Collagen supplements have been on the market for quite some time, gaining popularity for their promises of healthy hair, skin and nails. The pills, powders and topical products that have gained traction in recent years have done so through pretty packaging and promotion by celebrities like Kourtney Kardashian. What these supplements lack, however, is scientific evidence that they actually work in the ways that consumers hope, according to a number of experts. And it’s no different with Khloé Kardashian’s latest promotion of Dose & Co.

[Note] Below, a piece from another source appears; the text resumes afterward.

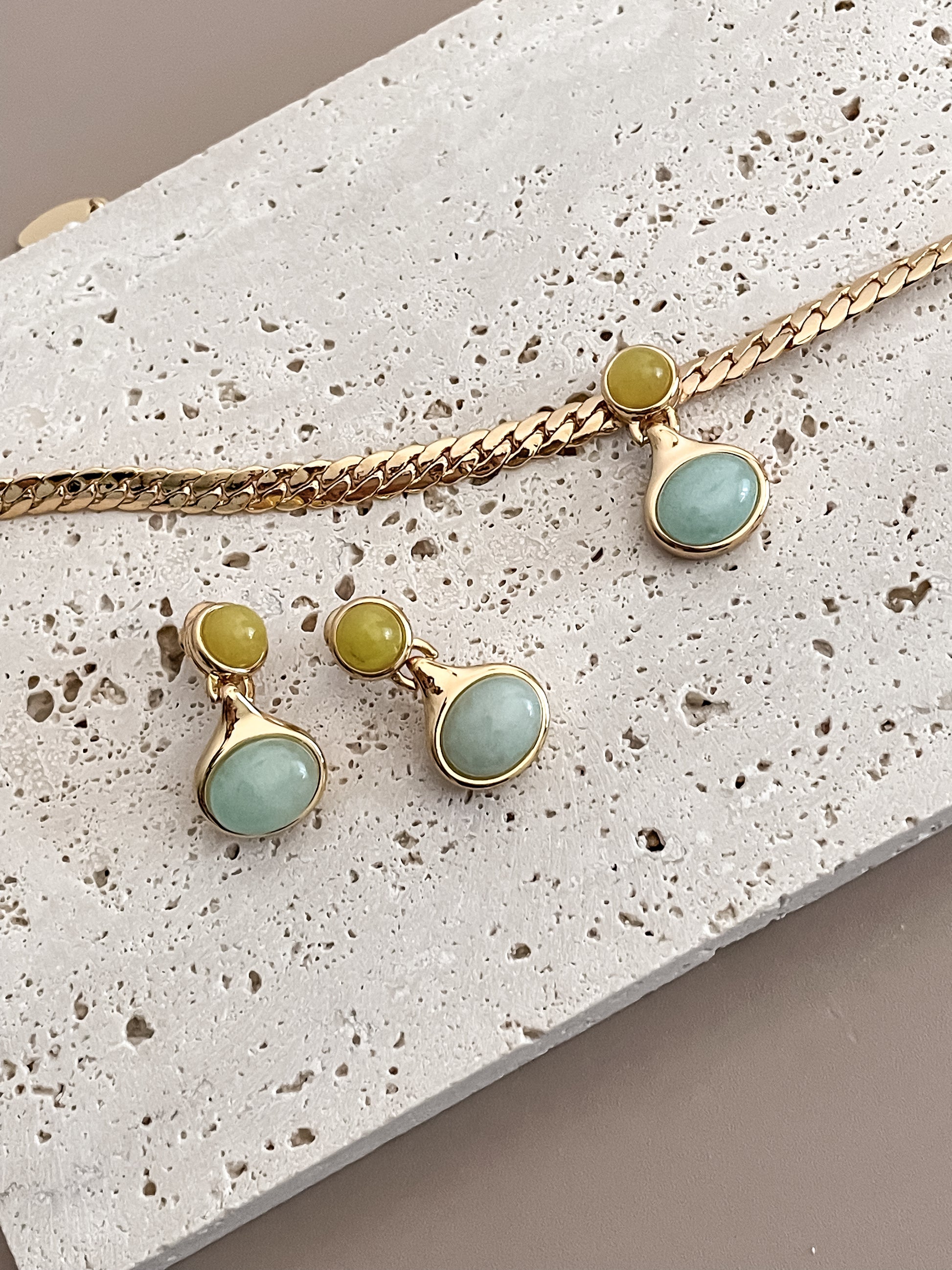 These exquisite earrings feature genuine natural Aventurine gemstones, known for their soothing and balancing properties, adding a touch of tranquility to your look. Meticulously crafted with high-quality materials, these earrings boast a French Retro design that embodies sophistication and grace. The studs are thoughtfully made of S925 silver, ensuring both comfort and durability.

The 31-year-old announced on Tuesday that she is the global spokesperson and brand partner of the premium collagen blends founded in New Zealand, writing on Instagram that the supplements have become “such an important part of my daily routine!” And while she teased that she would be speaking further about the benefits of taking the powders, dermatologist Dr. Joshua Zeichner, the director of cosmetic and clinical research at Mount Sinai Hospital, warns Yahoo Life to be skeptical of the promotion.
“Ingestible collagen has been used for years but has become much more popular recently. This is likely because of the trend in using natural skin care products. The idea behind it is that it can help enhance your skin’s natural collagen production to improve texture and minimize the appearance of fine lines and wrinkles,” he says. “Before falling into the trap of buying bad beauty products with good advertising, make sure you touch base with your dermatologist for expert advice on what’s best for your skin needs.”

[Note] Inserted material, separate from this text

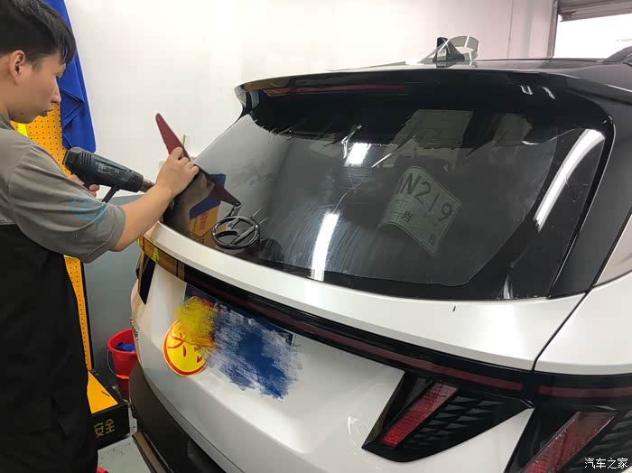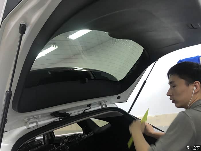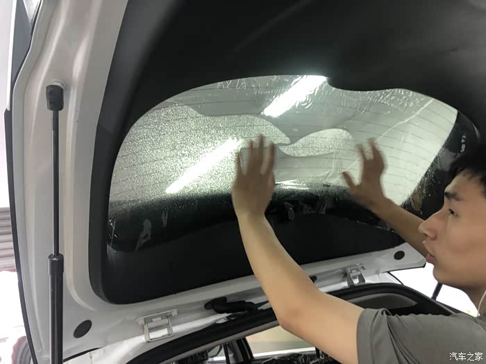 贴完外面的膜,我以为完工了,没想到外面贴的膜只是作为定型,真正要贴的地方其实是车内,定型完,是要拿到车内贴的,拿到车内重复刚才的动作。

Testing the waters of collagen supplements makes sense for Kourtney, the eldest of the Kardashian sisters, who is outspoken about the importance of all-natural and clean beauty products. Still, her brand Poosh’s collaboration with Vital Proteins and her testimonial of glowing skin, healthy hair, strong nails and quicker recovery of her bones and joints might be a stretch. Now, days after she announced the launch of Dose & Co., Khloé is boasting about her own experience with the supplements in a piece for Elle.
“I really wanted to fix myself from the inside out. Someone told me about doing collagen powders once I was done being pregnant,” Kardashian told the publication. “Dose & Co. has such pure, impressive ingredients. The amount of collagen grams was totally different than some of the others on the market.”
Although Kardashian’s words seem impressive, New York-based dietician Marissa Meshulam tells Yahoo Life that “collagen may not be as magical as some say,” asserting that no one product can fix everything.
“In simple terms, collagen is a protein,” Meshulam explains. “It is built of chains of amino acids and is a major structural component of connective tissues in our bodies — think skin, muscles, tendons, etc. Collagen peptides are components of broken-down collagen molecules, which, in theory, makes the collagen more bioavailable and easier for our bodies to digest. While some research shows it may benefit your hair, skin, nails and gut, the truth is we really don’t know.”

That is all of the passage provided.